[Data extracted from a collection]

>>>

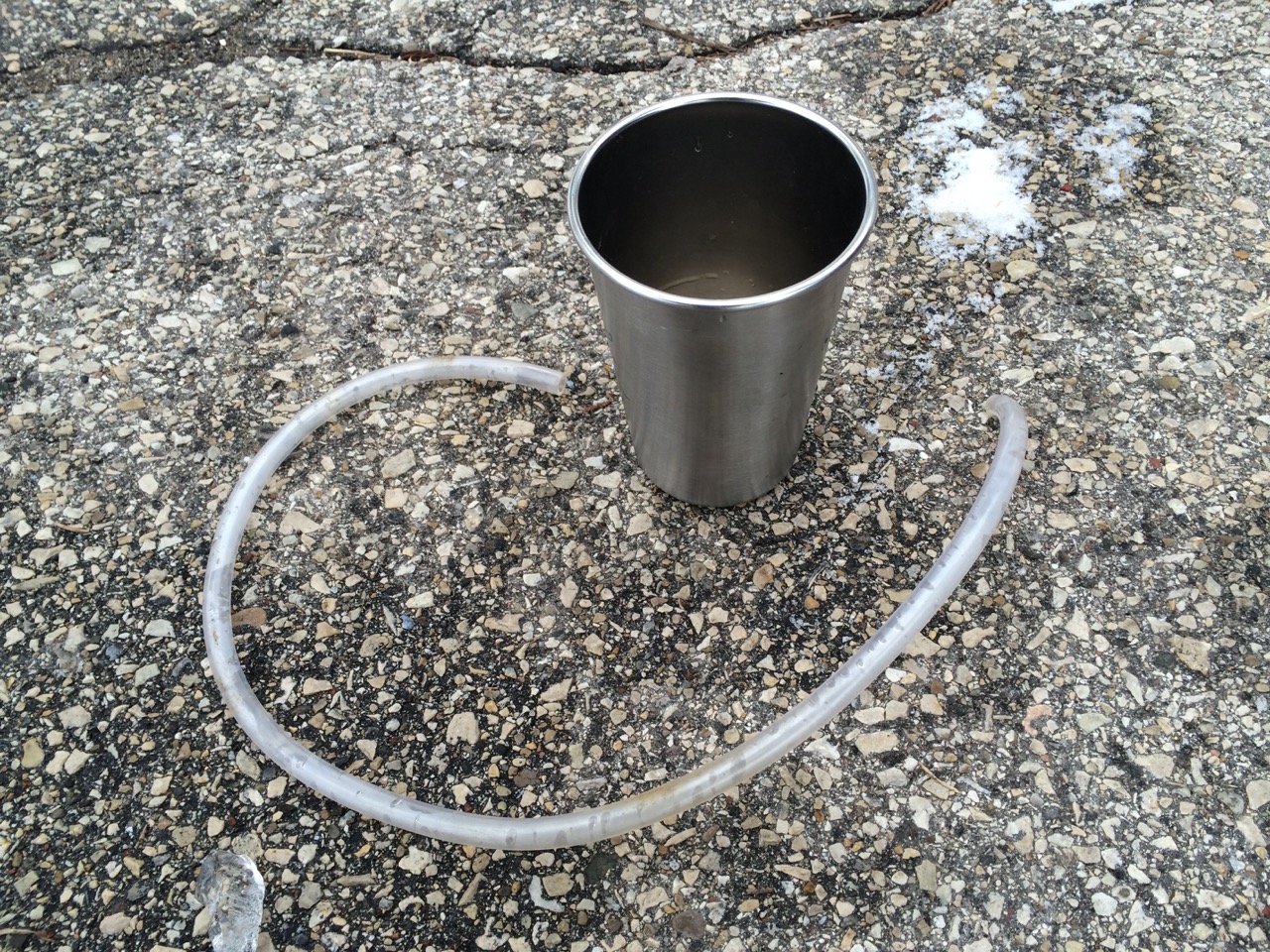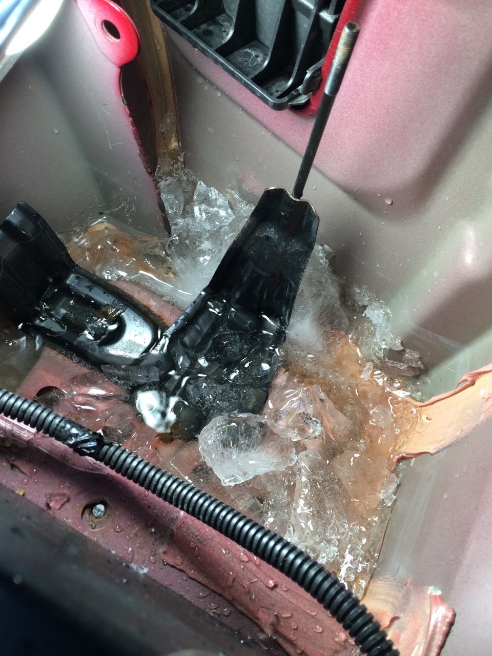 There was NO WAY that I was simply going to lift the battery out. I fetched my trouble light, 1500 watt heat gun, and an extension cord. I started experimenting with melting the ice with the heat gun. Once some started to melt, I had to figure out how to get the water out. I couldn’t really get a towel or something else absorbent easily in there. I did find a piece of vinyl tubing. After a quick check of the water to make sure that it WAS water and not battery acid or some other number or horrible liquids, I sucked on the tubing, slurping the ice-water out and spitting it into a cup. I also have a pry-bar which is a hook on one end and comes to a point on the other. I can never remember the name of this particular tool, but it sure is handy for a lot of things, including use as a large ice pick. I stabbed at the ice, chipping away with the spike, the heat gun blazing in my other hand.
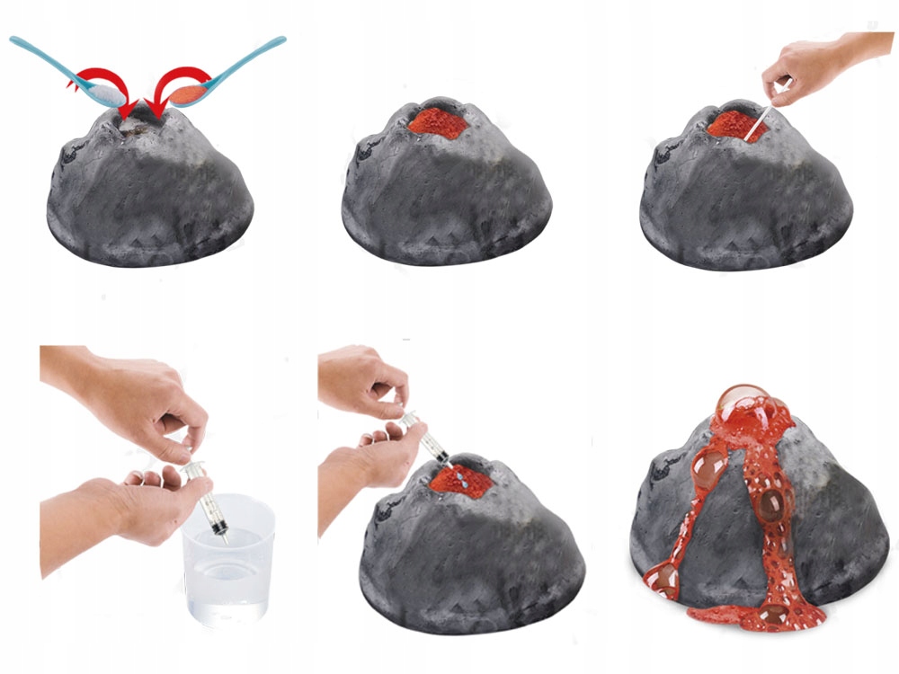2️⃣ Налийте воду в чашку, а потім наповніть нею шприц. Потім за допомогою шприца налийте воду в кратер вулкана. Робіть це обережно, щоб руки не торкалися зліпка вулкана.
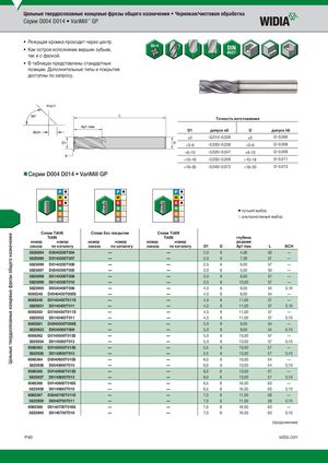 Цельные твердосплавные концевые фрезы общего назначения • Черновая/чистовая обработка Серии D004 D014 • VariMill™ GP • Режущая кромка проходит через центр. • Как острое исполнение вершин зубьев, так и с фаской. • В таблицах представлены стандартные позиции. Дополнительные типы и покрытия доступны по запросу. Вид X Tочность изготовления D1 допуск e8 D допуск h6 )3 -0,014/-0,028 )3 0/-0,006 >3–6 -0,020/-0,038 >3–6 0/-0,008 >6–10 -0,025/-0,047 >6–10 0/-0,009 >10–18 -0,032/-0,059 >10–18 0/-0,011 >18–30 -0,040/-0,073 >18–30 0/-0,013 Серии D004 D014 • VariMill GP ⅷ лучший выбор ࠗ альтернативный выбор TiAlN БЕЗ ПОКРЫТИЯ- .. TiAlN Сплав TiAlN Сплав без покрытия Сплав TiAlN TiAlN TiAlN глубина номер номер номер номер номер номер резания заказа по каталогу заказа по каталогу заказа по каталогу D1 D Ap1 max L BCH 5825894 D0040200T004 — — 2,0 6 4,00 50 — 5825895 D0140200T007 — — 2,0 6 7,00 57 — 5825896 D0140250T008 — — 2,5 6 8,00 57 — 5825897 D0040300T005 — — 3,0 6 5,00 50 — 5825898 D0140300T008 — — 3,0 6 8,00 57 — 5825899 D0140350T010 — — 3,5 6 10,00 57 — 5825900 D0040400T008 — — 4,0 6 8,00 54 0,10 6085348 D0040400T008S — — 4,0 6 8,00 54 — 6085349 D0140400T011S — — 4,0 6 11,00 57 — 5825931 D0140400T011 — — 4,0 6 11,00 57 0,10 6085350 D0140450T011S — — 4,5 6 11,00 57 — 5825932 D0140450T011 — — 4,5 6 11,00 57 0,10 6085361 D0040500T009S — — 5,0 6 9,00 54 — 5825933 D0040500T009 — — 5,0 6 9,00 54 0,10 6085362 D0140500T013S — — 5,0 6 13,00 57 — 5825934 D0140500T013 — — 5,0 6 13,00 57 0,10 6085363 D0140550T013S — — 5,5 6 13,00 57 — 5825935 D0140550T013 — — 5,5 6 13,00 57 0,10 6085364 D0040600T010S — — 6,0 6 10,00 54 — 5825936 D0040600T010 — — 6,0 6 10,00 54 0,10 6085365 D0140600T013S — — 6,0 6 13,00 57 — 5825937 D0140600T013 — — 6,0 6 13,00 57 0,10 6085366 D0140650T016S — — 6,5 8 16,00 63 — 5825938 D0140650T016 — — 6,5 8 16,00 63 0,10 6085367 D0040700T011S — — 7,0 8 11,00 58 — 5825939 D0040700T011 — — 7,0 8 11,00 58 0,10 6085368 D0140700T016S — — 7,0 8 16,00 63 — 5825940 D0140700T016 — — 7,0 8 16,00 63 0,10 (продолжение) P40 widia.com Цельные твердосплавные концевые фрезы общего назначения
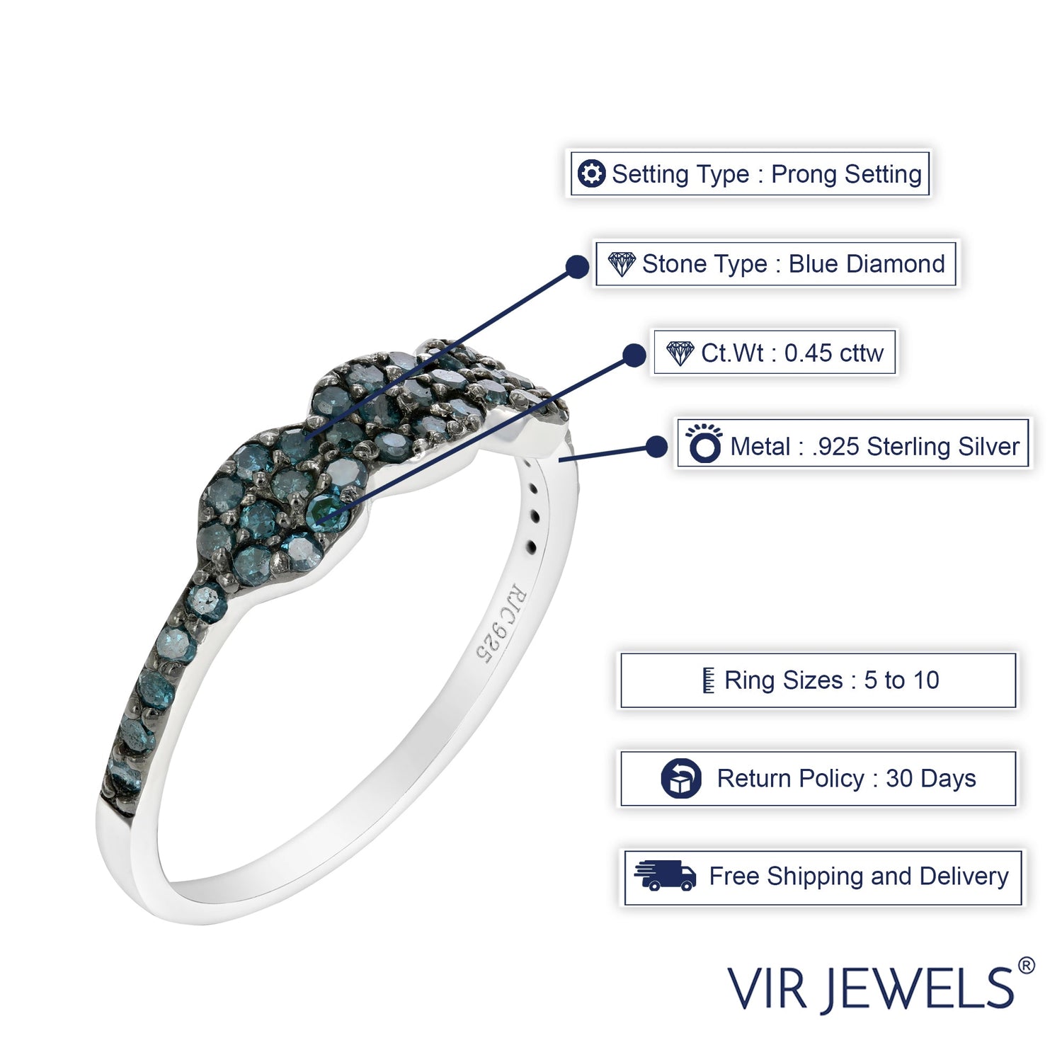 Handcrafted in .925 sterling silver with rhodium plating. Set with 40 natural blue diamonds (irradiated), totaling 0.45 cttw, in a prong setting. Ring width: 4 mm. Diamond clarity: I1-I2.
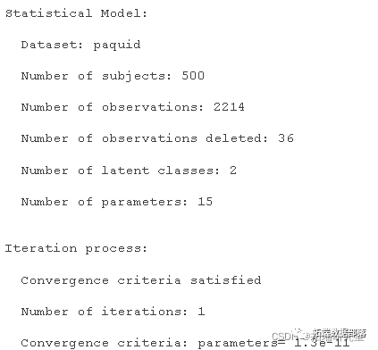 从通过假设单个潜在类估计的模型,我们现在可以搜索异构概况。下一行提供了使用 G>1 时初始值对 2 个潜在类的模型的估计。

<<<

Activity — Give the data again exactly as written, with all pictures left out.

Result of this exercise —
 There was NO WAY that I was simply going to lift the battery out. I fetched my trouble light, 1500 watt heat gun, and an extension cord. I started experimenting with melting the ice with the heat gun. Once some started to melt, I had to figure out how to get the water out. I couldn’t really get a towel or something else absorbent easily in there. I did find a piece of vinyl tubing. After a quick check of the water to make sure that it WAS water and not battery acid or some other number or horrible liquids, I sucked on the tubing, slurping the ice-water out and spitting it into a cup. I also have a pry-bar which is a hook on one end and comes to a point on the other. I can never remember the name of this particular tool, but it sure is handy for a lot of things, including use as a large ice pick. I stabbed at the ice, chipping away with the spike, the heat gun blazing in my other hand.
2️⃣ Налийте воду в чашку, а потім наповніть нею шприц. Потім за допомогою шприца налийте воду в кратер вулкана. Робіть це обережно, щоб руки не торкалися зліпка вулкана.
 Цельные твердосплавные концевые фрезы общего назначения • Черновая/чистовая обработка Серии D004 D014 • VariMill™ GP • Режущая кромка проходит через центр. • Как острое исполнение вершин зубьев, так и с фаской. • В таблицах представлены стандартные позиции. Дополнительные типы и покрытия доступны по запросу. Вид X Tочность изготовления D1 допуск e8 D допуск h6 )3 -0,014/-0,028 )3 0/-0,006 >3–6 -0,020/-0,038 >3–6 0/-0,008 >6–10 -0,025/-0,047 >6–10 0/-0,009 >10–18 -0,032/-0,059 >10–18 0/-0,011 >18–30 -0,040/-0,073 >18–30 0/-0,013 Серии D004 D014 • VariMill GP ⅷ лучший выбор ࠗ альтернативный выбор TiAlN БЕЗ ПОКРЫТИЯ- .. TiAlN Сплав TiAlN Сплав без покрытия Сплав TiAlN TiAlN TiAlN глубина номер номер номер номер номер номер резания заказа по каталогу заказа по каталогу заказа по каталогу D1 D Ap1 max L BCH 5825894 D0040200T004 — — 2,0 6 4,00 50 — 5825895 D0140200T007 — — 2,0 6 7,00 57 — 5825896 D0140250T008 — — 2,5 6 8,00 57 — 5825897 D0040300T005 — — 3,0 6 5,00 50 — 5825898 D0140300T008 — — 3,0 6 8,00 57 — 5825899 D0140350T010 — — 3,5 6 10,00 57 — 5825900 D0040400T008 — — 4,0 6 8,00 54 0,10 6085348 D0040400T008S — — 4,0 6 8,00 54 — 6085349 D0140400T011S — — 4,0 6 11,00 57 — 5825931 D0140400T011 — — 4,0 6 11,00 57 0,10 6085350 D0140450T011S — — 4,5 6 11,00 57 — 5825932 D0140450T011 — — 4,5 6 11,00 57 0,10 6085361 D0040500T009S — — 5,0 6 9,00 54 — 5825933 D0040500T009 — — 5,0 6 9,00 54 0,10 6085362 D0140500T013S — — 5,0 6 13,00 57 — 5825934 D0140500T013 — — 5,0 6 13,00 57 0,10 6085363 D0140550T013S — — 5,5 6 13,00 57 — 5825935 D0140550T013 — — 5,5 6 13,00 57 0,10 6085364 D0040600T010S — — 6,0 6 10,00 54 — 5825936 D0040600T010 — — 6,0 6 10,00 54 0,10 6085365 D0140600T013S — — 6,0 6 13,00 57 — 5825937 D0140600T013 — — 6,0 6 13,00 57 0,10 6085366 D0140650T016S — — 6,5 8 16,00 63 — 5825938 D0140650T016 — — 6,5 8 16,00 63 0,10 6085367 D0040700T011S — — 7,0 8 11,00 58 — 5825939 D0040700T011 — — 7,0 8 11,00 58 0,10 6085368 D0140700T016S — — 7,0 8 16,00 63 — 5825940 D0140700T016 — — 7,0 8 16,00 63 0,10 (продолжение) P40 widia.com Цельные твердосплавные концевые фрезы общего назначения
 Handcrafted in .925 sterling silver with rhodium plating. Set with 40 natural blue diamonds (irradiated), totaling 0.45 cttw, in a prong setting. Ring width: 4 mm. Diamond clarity: I1-I2.
 从通过假设单个潜在类估计的模型,我们现在可以搜索异构概况。下一行提供了使用 G>1 时初始值对 2 个潜在类的模型的估计。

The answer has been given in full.